┌──

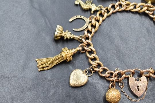 A 9ct gold curb link charm bracelet, having a heart padlock and twelve gold and yellow metal charms including two wax seal fobs, a citrine spinner fob, a heart mourning locket and a Victorian tassel, marked 9ct, 38g gross
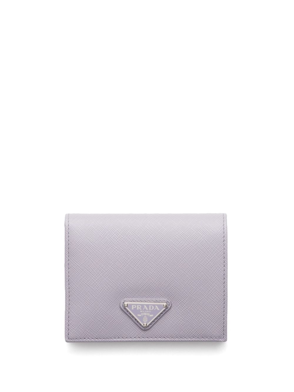 triangle-logo leather wallet Highlights - Lilac purple - Saffiano leather - Textured finish - Triangle logo - Bi-fold design - Concealed press-stud fastening - Internal logo stamp - Internal card slots - Internal flap pocket Composition Outer: Leather 100% SIZE & FIT Measurement LENGTH 4.33 in(11 cm) WIDTH 3.14 in(8 cm)
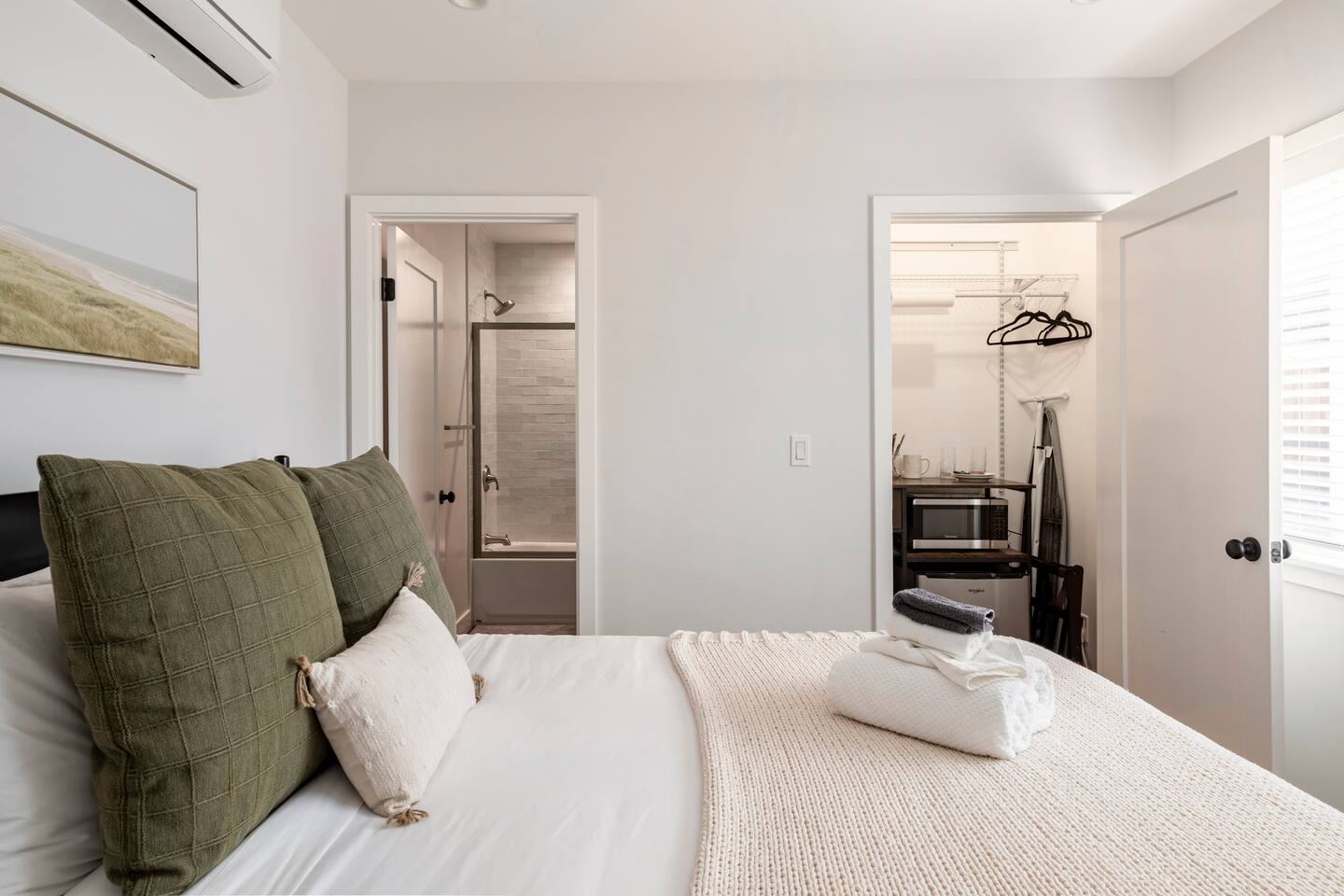 Towels and linens are provided at check-in. No daily towel or linen service—used items will be refreshed at checkout.
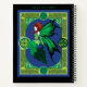 Une fée aux cheveux rouges tout en vert avec un noeud celtique vert travaillent tout autour.
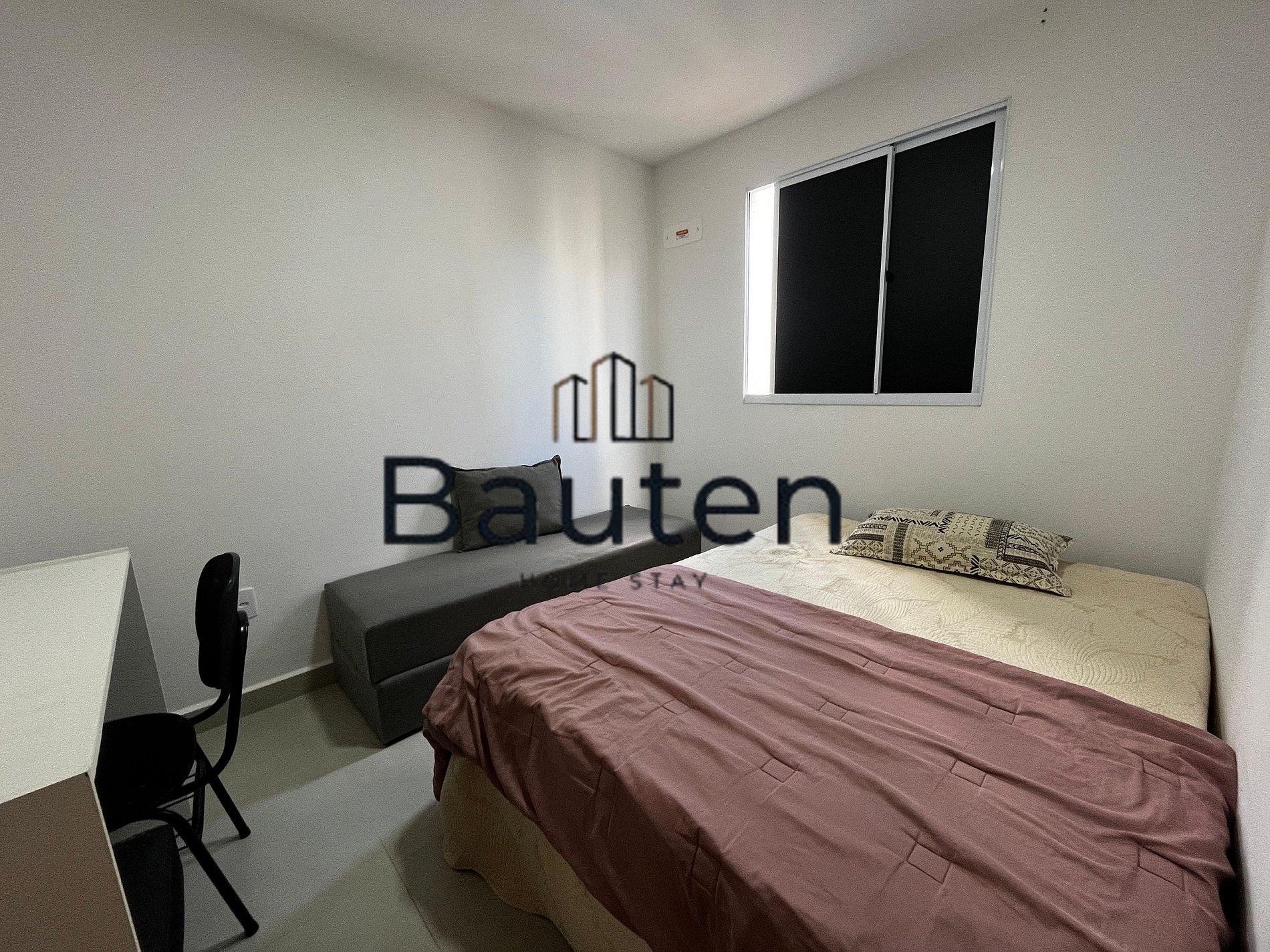 Apartamento de dois quartos no Condomínio Caminho das Bromélias em Caruaru. Ambiente aconchegante, com sala, cozinha equipada, banheiro social e vaga de garagem. O condomínio oferece piscinas, salão de festas, espaço gourmet, playground e segurança 24 horas. Localização privilegiada, próximo ao Caruaru Shopping e serviços essenciais. Ideal para famílias, grupos ou viajantes a trabalho.
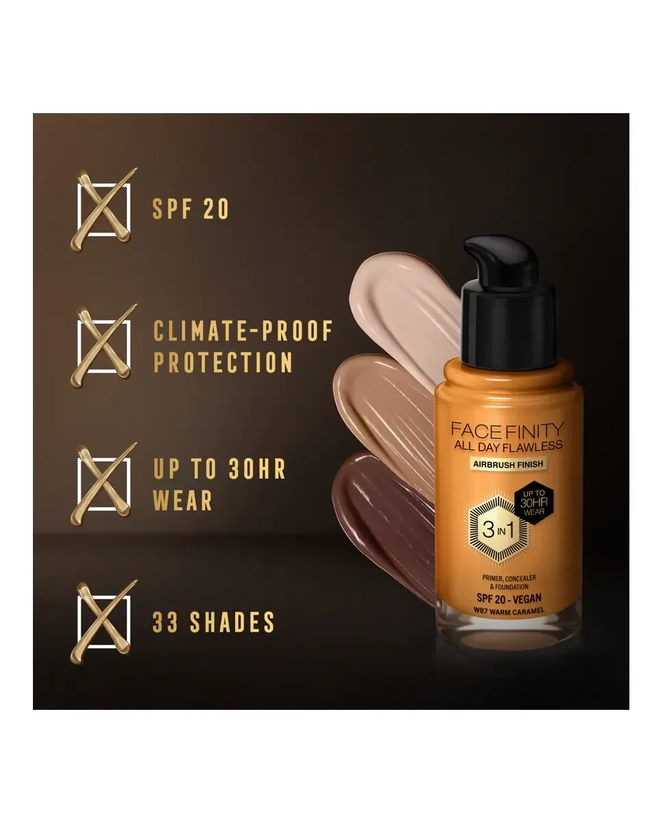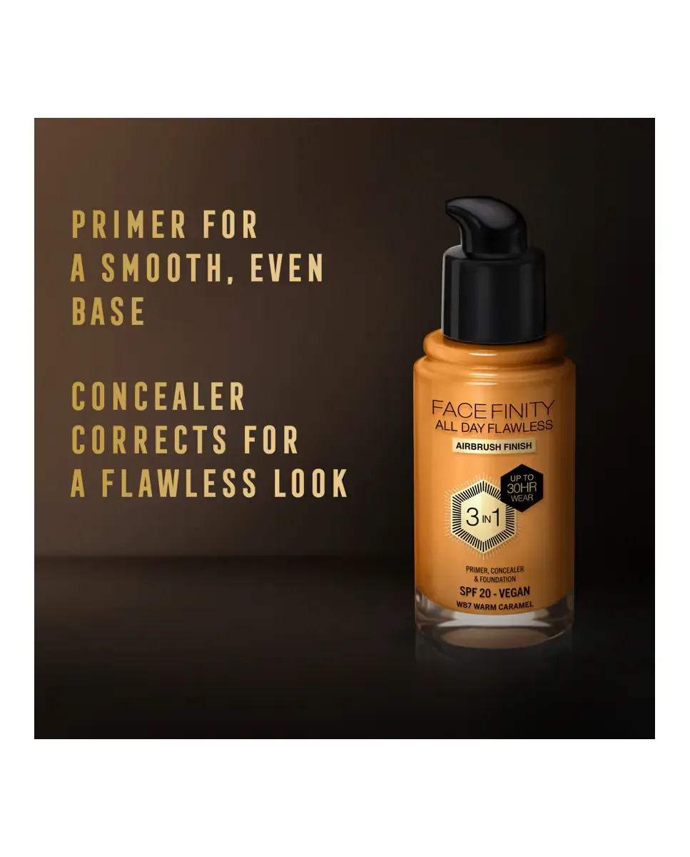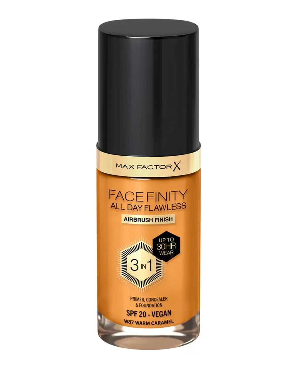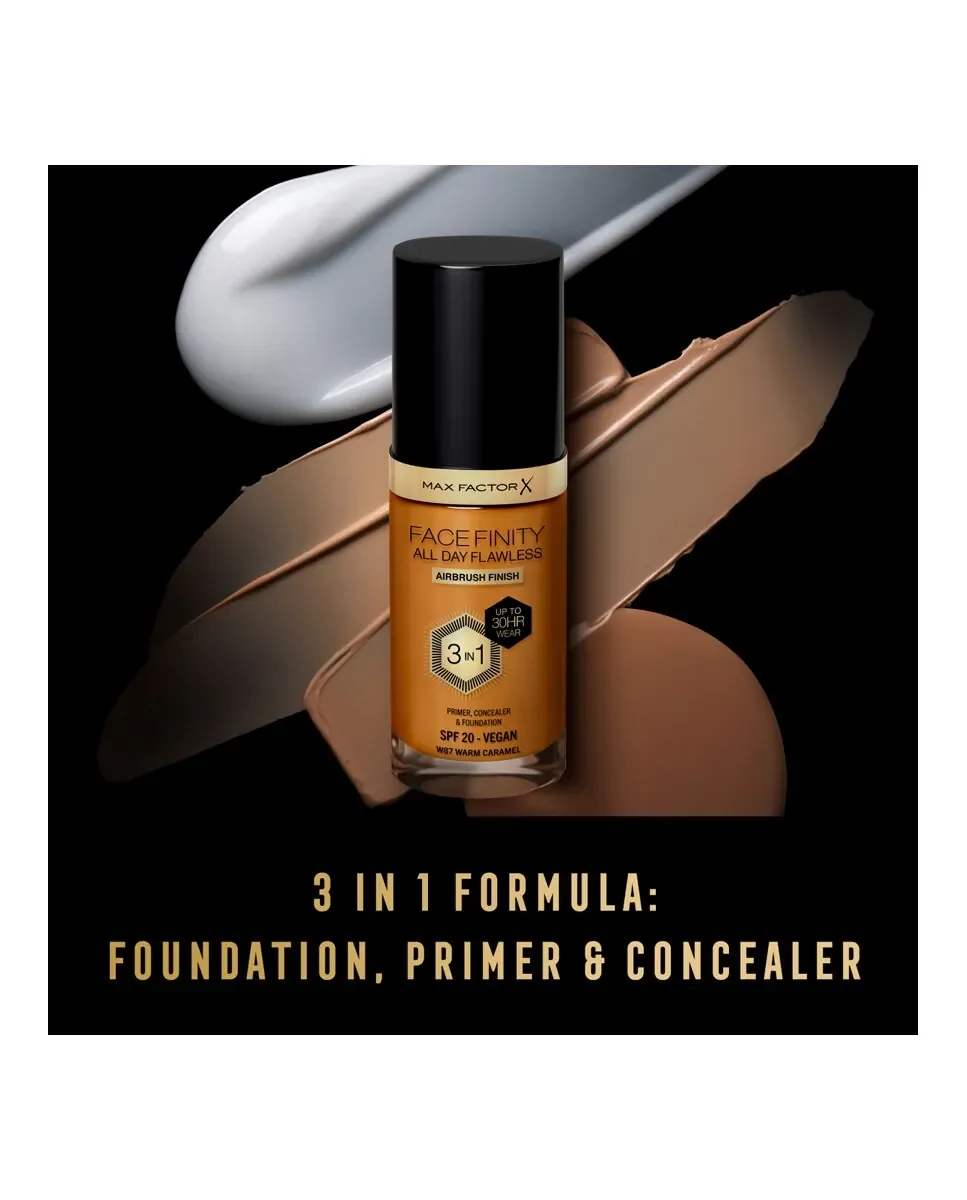 Max Factor Facefinity All Day Flawless 3 в 1 - это жидкая тональная основа с включенной праймер-базой и консилером для долговечного и безупречного покрытия.

└──

Restate the data word for word while omitting each picture.

» **Solution for this problem**:
 A 9ct gold curb link charm bracelet, having a heart padlock and twelve gold and yellow metal charms including two wax seal fobs, a citrine spinner fob, a heart mourning locket and a Victorian tassel, marked 9ct, 38g gross
 triangle-logo leather wallet Highlights - Lilac purple - Saffiano leather - Textured finish - Triangle logo - Bi-fold design - Concealed press-stud fastening - Internal logo stamp - Internal card slots - Internal flap pocket Composition Outer: Leather 100% SIZE & FIT Measurement LENGTH 4.33 in(11 cm) WIDTH 3.14 in(8 cm)
 Towels and linens are provided at check-in. No daily towel or linen service—used items will be refreshed at checkout.
 Une fée aux cheveux rouges tout en vert avec un noeud celtique vert travaillent tout autour.
 Apartamento de dois quartos no Condomínio Caminho das Bromélias em Caruaru. Ambiente aconchegante, com sala, cozinha equipada, banheiro social e vaga de garagem. O condomínio oferece piscinas, salão de festas, espaço gourmet, playground e segurança 24 horas. Localização privilegiada, próximo ao Caruaru Shopping e serviços essenciais. Ideal para famílias, grupos ou viajantes a trabalho.
 Max Factor Facefinity All Day Flawless 3 в 1 - это жидкая тональная основа с включенной праймер-базой и консилером для долговечного и безупречного покрытия.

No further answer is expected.